- Born: Eugene Leonard Burdick December 12, 1918 Sheldon, Iowa
- Died: July 26, 1965 (aged 46) San Diego, California
- Occupations: Political scientist, writer
- Spouse: Carol Burdick
- Children: 3
- Notable work: The Ugly American, Fail-Safe, The 480
- Branch: United States Navy
- Service years: 1942-46
- Rank: Lieutenant commander
- Conflicts: World War II
- Awards: Navy and Marine Corps Medal

= Eugene Burdick =

American writer and political scientist

Eugene Leonard Burdick (December 12, 1918 – July 26, 1965) was an American political scientist, novelist, and non-fiction writer, co-author of The Ugly American (1958), Fail-Safe (1962), and author of The 480 (1965).

==Early life==
He was born in Sheldon, Iowa, the son of Marie Ellerbroek and Jack Dale Burdick. His father was a socialist who named his son after Eugene V. Debs. His family moved to Los Angeles, California when he was four years of age. One of his pastimes growing up was surfing.

==Education and early career==
He received his undergraduate degree in psychology from Stanford University. After the United States entered World War II, he served in the United States Navy from 1942 to 1946, attaining the rank of lieutenant commander. Burdick was awarded the Navy and Marine Corps Medal, the highest non-combat decoration awarded for heroism by the Navy, for rescuing four injured men by diving into a sea full of burning oil while under artillery fire.

Thereafter, he pursued graduate studies at Oxford University, where he was a Rhodes Scholar in 1948 and ultimately earned a PhD with a dissertation on the role of modern syndicalism in European politics.

Burdick spent much of his career as a professor of political science at the University of California, Berkeley, where he oversaw an integrated course in the social sciences (encompassing elements of political science, economics, sociology and philosophy) and served as a consultant to the university's administration. While on leave from 1950 to 1952, he served as assistant to the president of the Naval War College. Among other professional activities, he was a member of the governing board of the Center for the Study of Democratic Institutions and a member of the Indonesian-American Society, the Polynesian Research Society and the Migratory Labor Association.

==Writing career==
He first gained national attention as a writer of fiction in 1947 when "Rest Camp on Maui," a short story derived from his wartime experiences that was published by Harper's Magazine, received the O. Henry Award second prize. In 1956 his first novel, The Ninth Wave, was published, and was a Book of the Month Club selection. At the close of the 1950s, he was among the first members of the Society for General Systems Research.

==Political views==
He was a Cold War liberal, supporting the Vietnam War, though he was critical of how the United States government went about it. The Ugly American portrayed American representatives losing the battle for hearts and minds to the Soviet Union in the fictional Asian kingdom of Sarkhan. (The book's depictions created controversy: President Dwight Eisenhower called the book "sickening," claiming that it distorted the truth.) He also advocated nuclear disarmament.

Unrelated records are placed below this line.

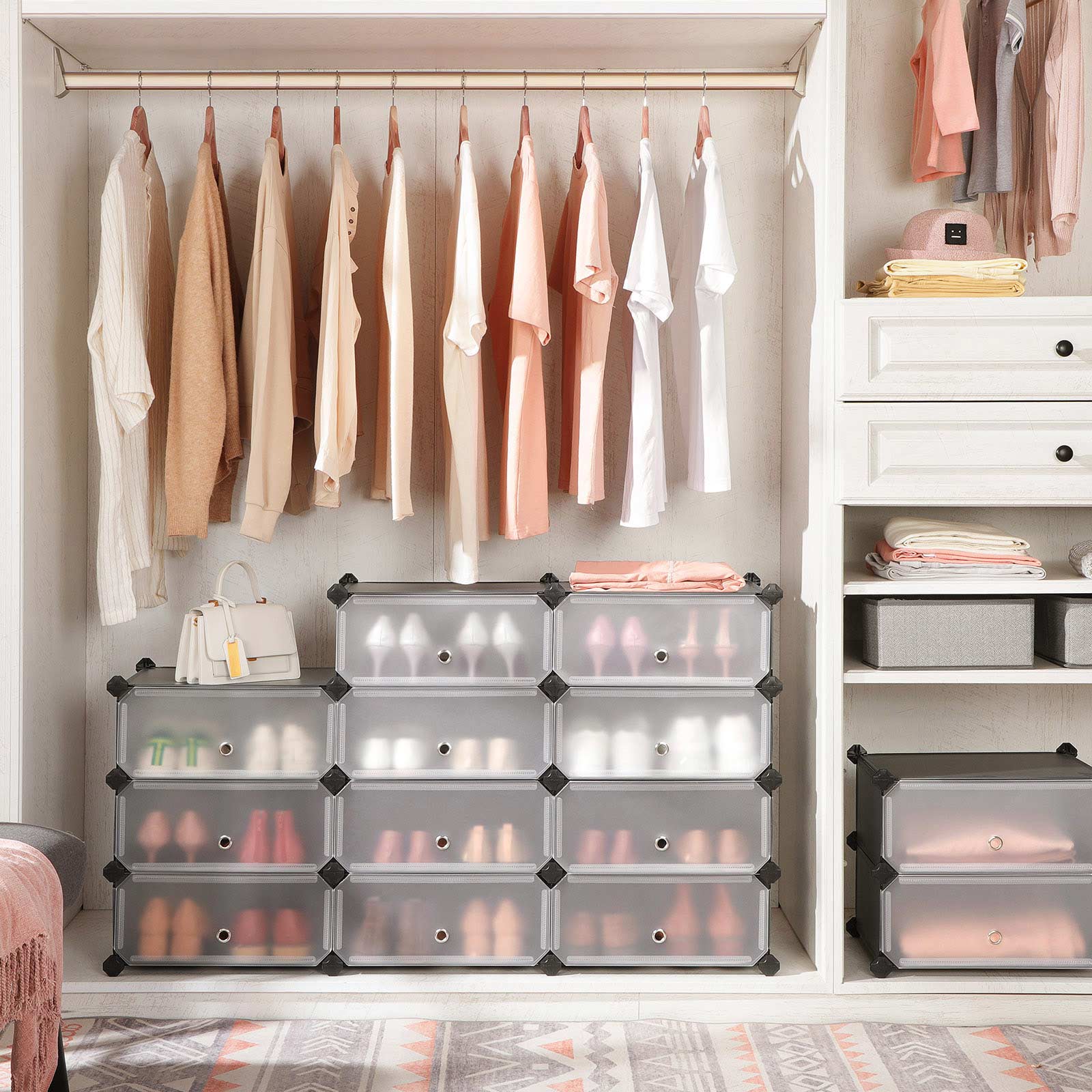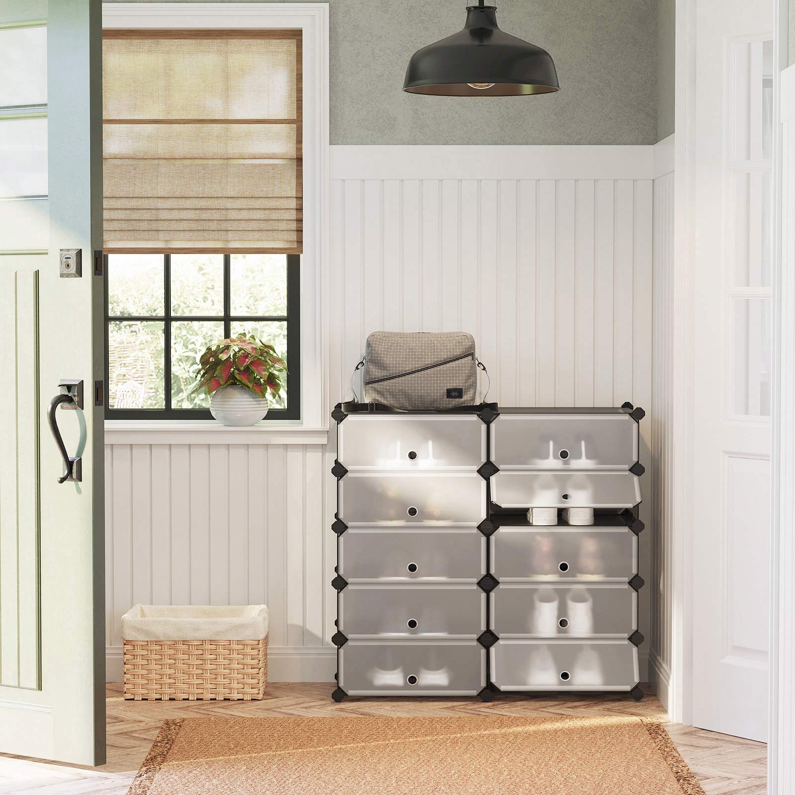 SONGMICS kenkähylly, hyllyjärjestelmä 10 lokerolla, pistokehylly, muovilevyt, metallirunko, säilytys, vaatekaappi, kenkäjärjestelijä, 40 x 30 x 17 cm per lokero, vintage-ruskea LPC010A01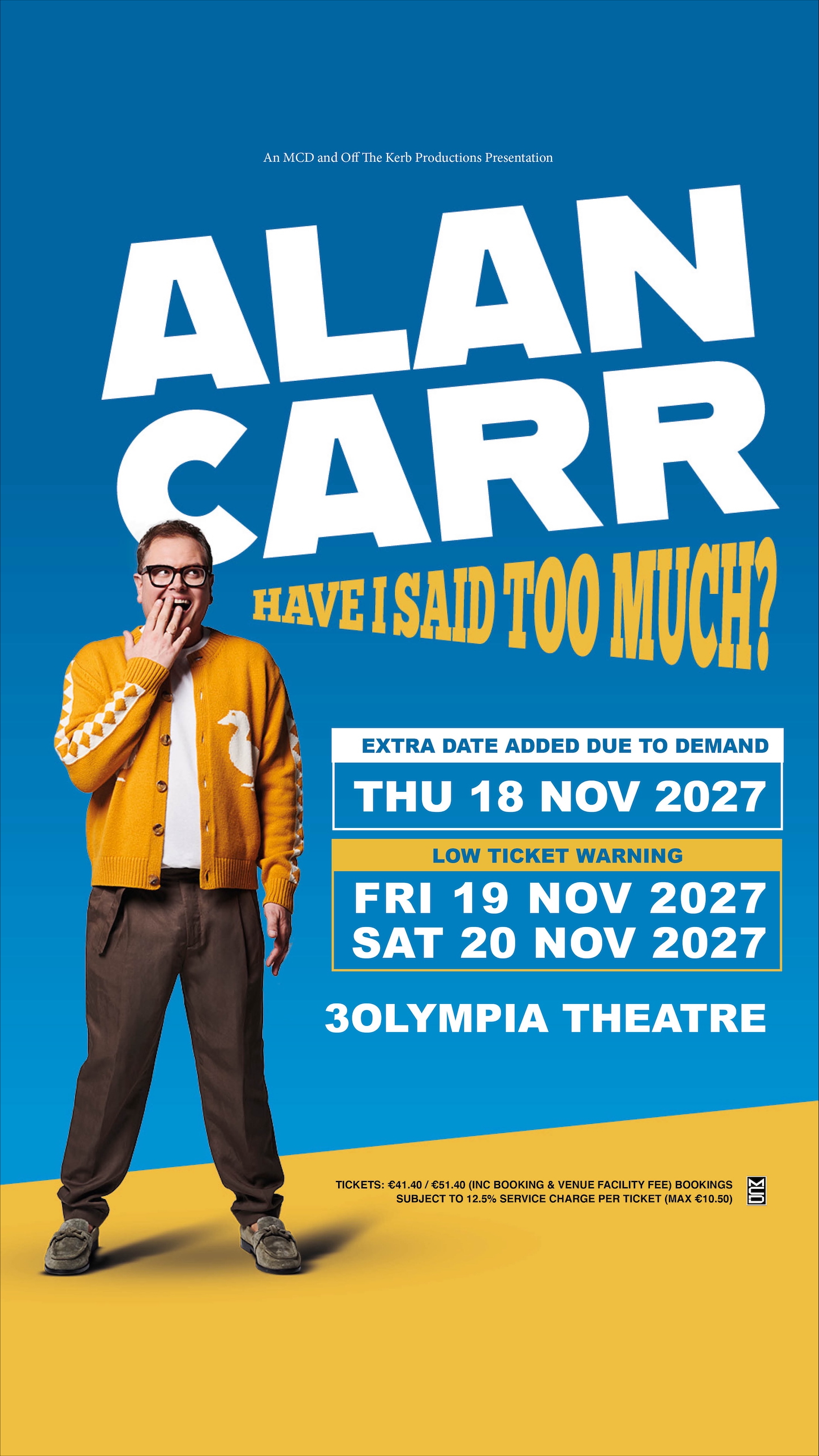Alan Carr brings his Have I Said Too Much? Tour to 3Olympia Theatre, Dublin on Friday 19th November & Saturday 20th November 2027.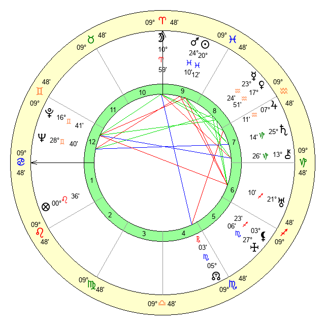 | Moon | 10 Aries 59 | 22 Leo 9 | 21 Libra 33 |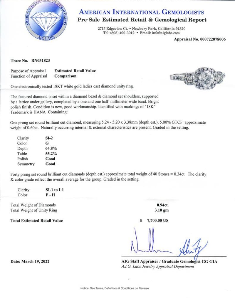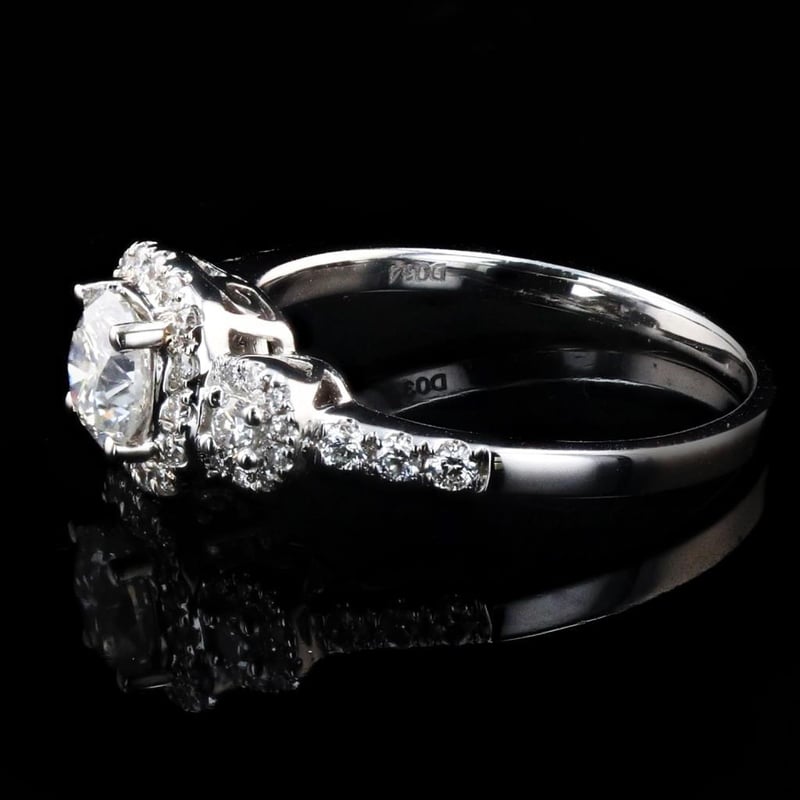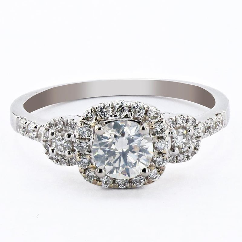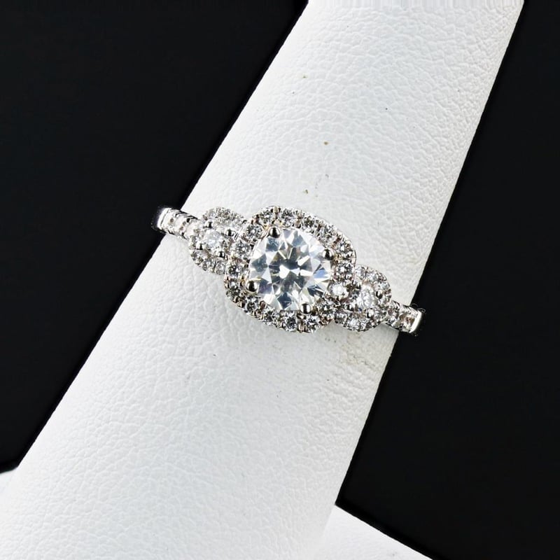 At its heart, a dazzling SI2 clarity center diamond takes center stage, boasting a remarkable sparkle that catches the light with every movement. This captivating stone is surrounded by an additional 0.34ctw of shimmering diamonds, creating a harmonious symphony of brilliance that elevates this ring to a realm of unparalleled elegance.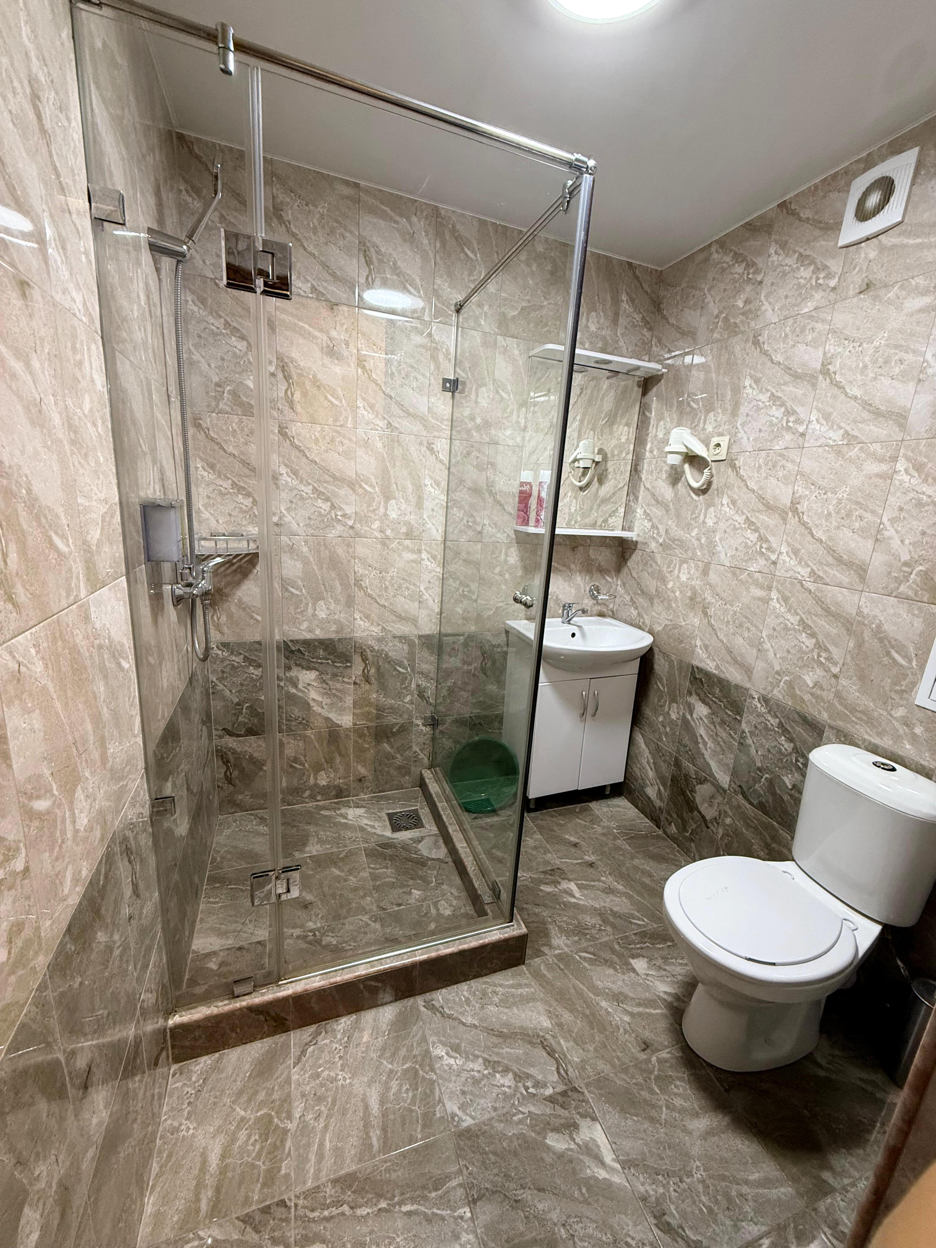 Санузел: с душевой кабиной, туалетные принадлежности.

He was scheduled to speak in defense of the administration at the Berkeley Teach-in in May 1965 before withdrawing at the last minute, alleging that those attending weren't interested in a dialogue.

==Death==
Burdick died in 1965 of a heart attack, while playing tennis, in San Diego, California, at the age of 46. After his death, it was reported that he was a diabetic who struggled with chronic heart disease. He had also had a prior heart attack in 1959. Nevertheless, this had not prevented him from appearing as an extra-vigorous "Ballentine's Ale Man" in print and TV ads of the early 60's. He was survived by his wife Carol and three children.

==Works==
- The Ninth Wave, 1956 (winner, Houghton Mifflin Literary Fellowship)
- The Ugly American, 1958, with William Lederer
- The Blue of Capricorn, 1961
- Fail-Safe, 1962, with Harvey Wheeler
- The 480, 1965
- Nina's Book, 1965
- Sarkhan: A Novel, 1966, with William Lederer Republished under the title The Deceptive American in 1977.